Thats a great set of pictures and with text in-between. It looks like you did it by using HTML and not attaching the images rather just pointing to where they are on your site? Is this how you were able to show them how you did?


----------



## DJC (Jun 29, 2003)

I would love to show you some pic's but we don't have any snow:crying:


----------



## dirt digger (Feb 27, 2005)

a diffrent kind of "pile" i made saturday


----------



## dirt digger (Feb 27, 2005)

this is at 10:30 pm...gotta love waking people up with the sound of 2 John Deere deisels


----------



## SnoFarmer (Oct 15, 2004)

dirt digger said:


> a diffrent kind of "pile" i made saturday


 LOL, He never said what the pile hade to be made of??

A little spring cleaning around the barn?


----------



## THE BOSS 1975 (Nov 16, 2005)

SnowMatt13 said:


> Hey, that's my pile in the parking lot I do!!! Except I did it with my S-10 pick-up.


WOW THOSE ELECTRIC POWER SHOVELS ARE GREAT !!!!!!


----------



## dirt digger (Feb 27, 2005)

SnoFarmer said:


> LOL, He never said what the pile hade to be made of??
> 
> A little spring cleaning around the barn?
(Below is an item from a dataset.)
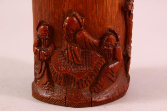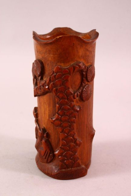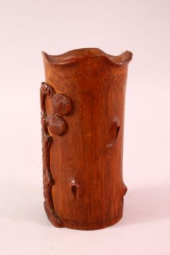 A CHINESE CARVED BAMBOO BRUSH WASH, carved with immortal and pine, 15cm.

yea, about 20 loads of sawdust cleanings came out of the barn...only took us 4 hours to spread with a 4020...plenty more where that came from, we'll be doing it in a few weeks at my buddies uncles place up the road


----------



## kingriver (Oct 25, 2005)

Havnt seen snow like that in several years up here in the Great White North area......


----------



## Tahoe Workz (May 22, 2005)

Waste Deep..









Cranking out the white stuff.









Pile to the rear...​


----------



## Tahoe Workz (May 22, 2005)

few more-









Making it wider..









A home-made neighborhood ski hill.​


----------